Refki menekankan bahwa pemerintah harus melakukan perubahan struktural untuk memastikan petani benar-benar mandiri dan tidak hanya menjadi tenaga kerja murah dalam sistem yang menguntungkan perusahaan besar. Regulasi yang ketat serta keberpihakan kepada petani kecil harus lebih jelas agar mereka dapat mengelola lahan secara berkelanjutan dan bebas dari eksploitasi.
Apakah Ini Solusi terhadap Kemiskinan?
Greenpeace mengingatkan bahwa kemiskinan adalah masalah struktural yang tidak hanya bisa diselesaikan dengan akses terhadap lahan. Faktor pendidikan, kesehatan, kepemilikan lahan, akses pasar, infrastruktur, serta model ekonomi yang lebih berkeadilan juga harus diperhatikan.
“Jika pemerintah hanya fokus pada pembagian tanah tanpa memastikan sistem yang mendukung petani untuk benar-benar sejahtera, maka kebijakan ini hanya akan menjadi solusi jangka pendek,” ucap Refki.
Oleh karena itu, Greenpeace mendukung pendekatan yang lebih menyeluruh, meliputi redistribusi lahan yang adil, transparan, dan tidak merusak lingkungan; dukungan untuk pertanian berbasis agroekologi, bukan ekspansi monokultur yang merusak; kebijakan yang benar-benar menghilangkan dominasi korporasi dalam skema inti-plasma dan memberikan akses lebih luas bagi petani untuk mengelola pertaniannya sendiri; serta sistem perlindungan sosial bagi petani kecil agar mereka tidak rentan terhadap eksploitasi dan ketimpangan pasar.

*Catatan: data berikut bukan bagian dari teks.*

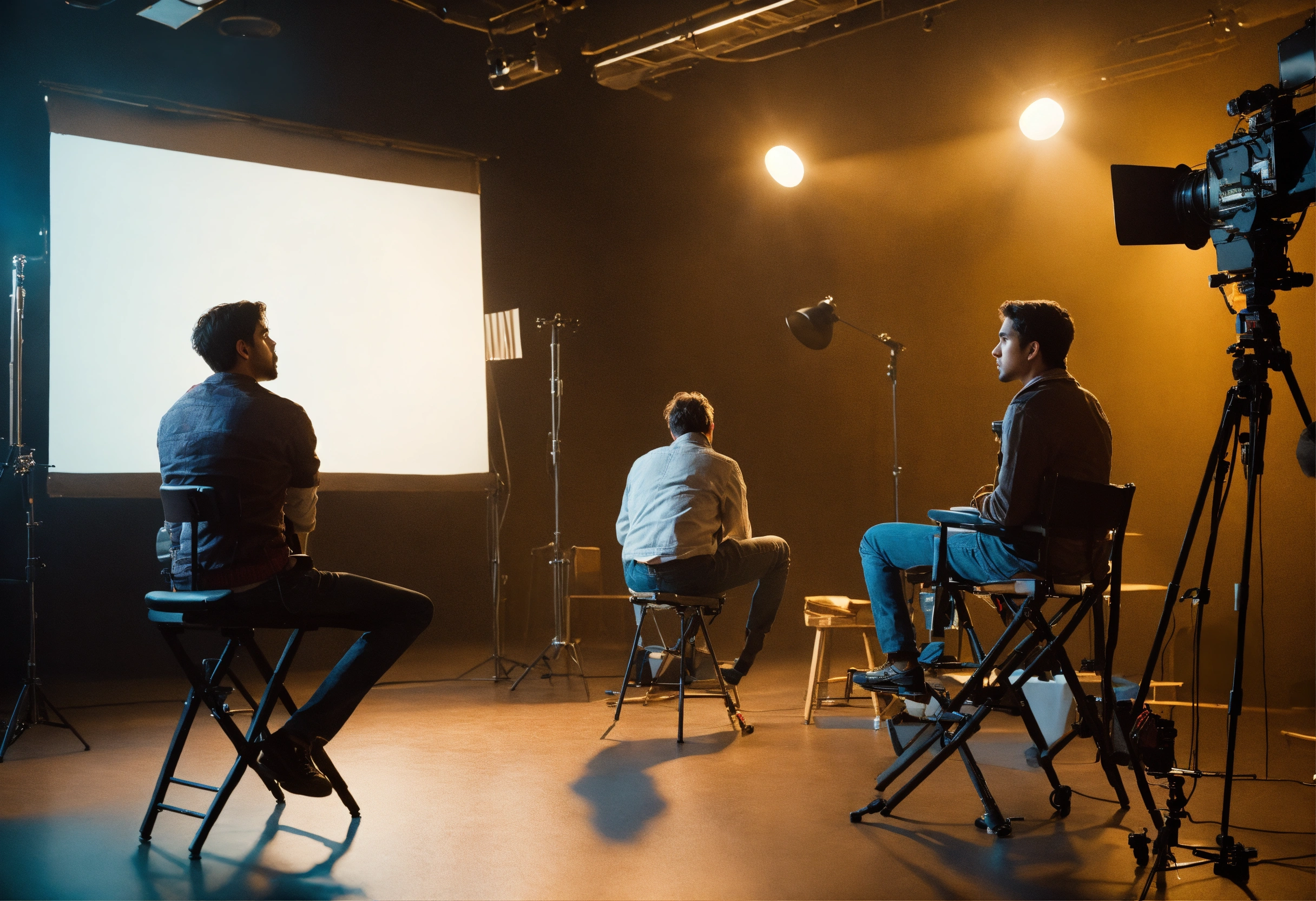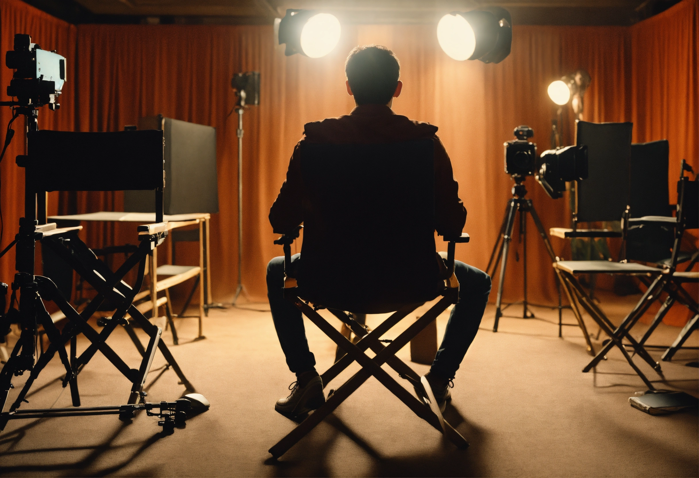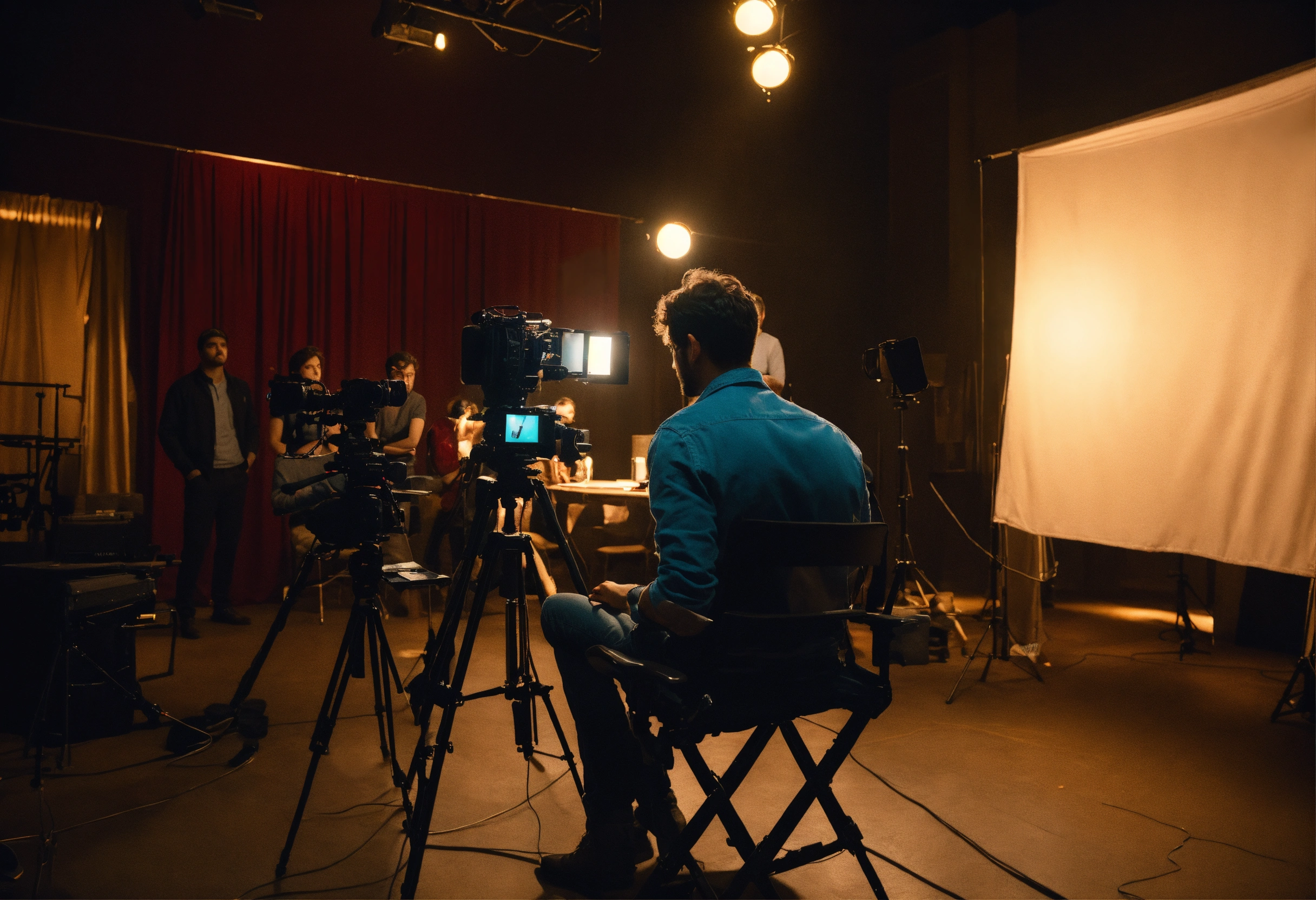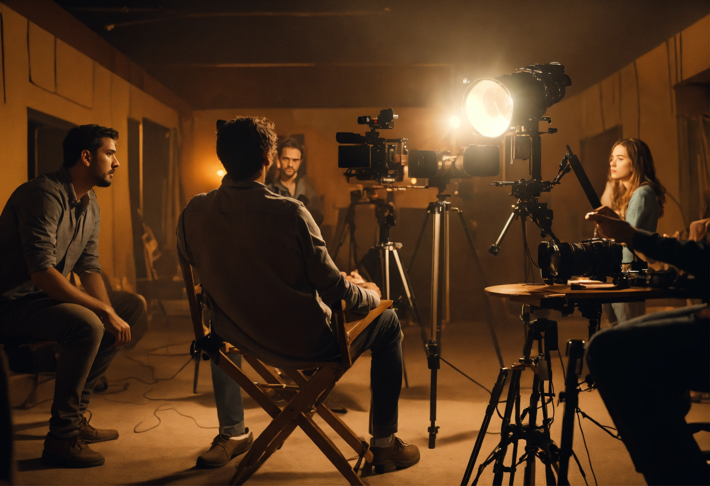The process of directing a film. a young film director in the director's chair looks towards the set where the actors are playing their roles. the director can be seen from the back. there are 3 actors on the set and the director is sitting in a chair and directing the actors. realistic. a clear correct focus. full frame. 3d, 4k, soft light directed at the actors, complex details, depth of field, beautiful lighting. details.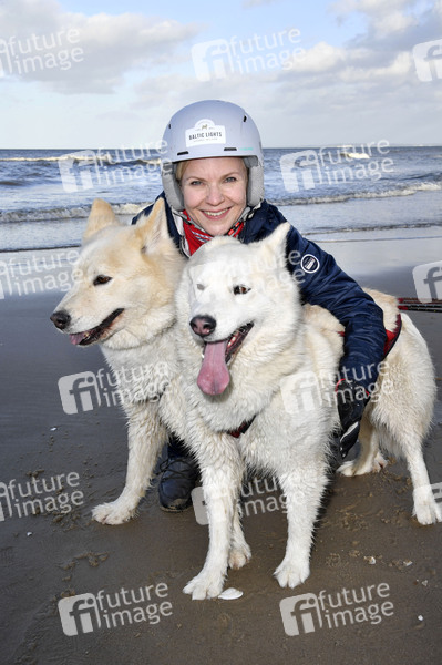 Schauspielerin, Prominenz, Celebrity, Celebrities, Tier, Hund, Hunde, Huskys, Husky, Unterhaltung, Entertainment, Schlittenhunderennen, Ostsee, Sport

Sebelumnya, Kepala Badan Pengentasan Kemiskinan Budiman Sudjatmiko mengatakan bahwa reforma agraria adalah syarat utama bagi Indonesia untuk menjadi negara maju. “Presiden Prabowo sudah memerintahkan agar upaya pengentasan kemiskinan ekstrem harus dilakukan dengan memberikan akses tanah untuk rakyat. Kalau perlu dengan Dekrit Presiden,” kata Budiman di sela-sela acara Asia Land Forum 2025 di Jakarta Barat, Rabu, 19 Februari 2025.
Budiman juga menyinggung skema plasma-inti dalam pertanian besar yang selama ini dinilai kurang menguntungkan bagi petani kecil. Saat ini, petani (plasma) hanya menguasai 20 persen sementara perusahaan besar (inti) menguasai 80 persen. Pemerintah berencana membalik skema ini sehingga petani mendapatkan bagian yang lebih besar.
Dia menyebut, pemerintah masih mengkaji apakah perubahan ini memerlukan revisi undang-undang atau cukup dengan peraturan baru. “Kami sedang mengkajinya di rapat, kemarin sudah rapat koordinasi dengan beberapa menteri yang lain.”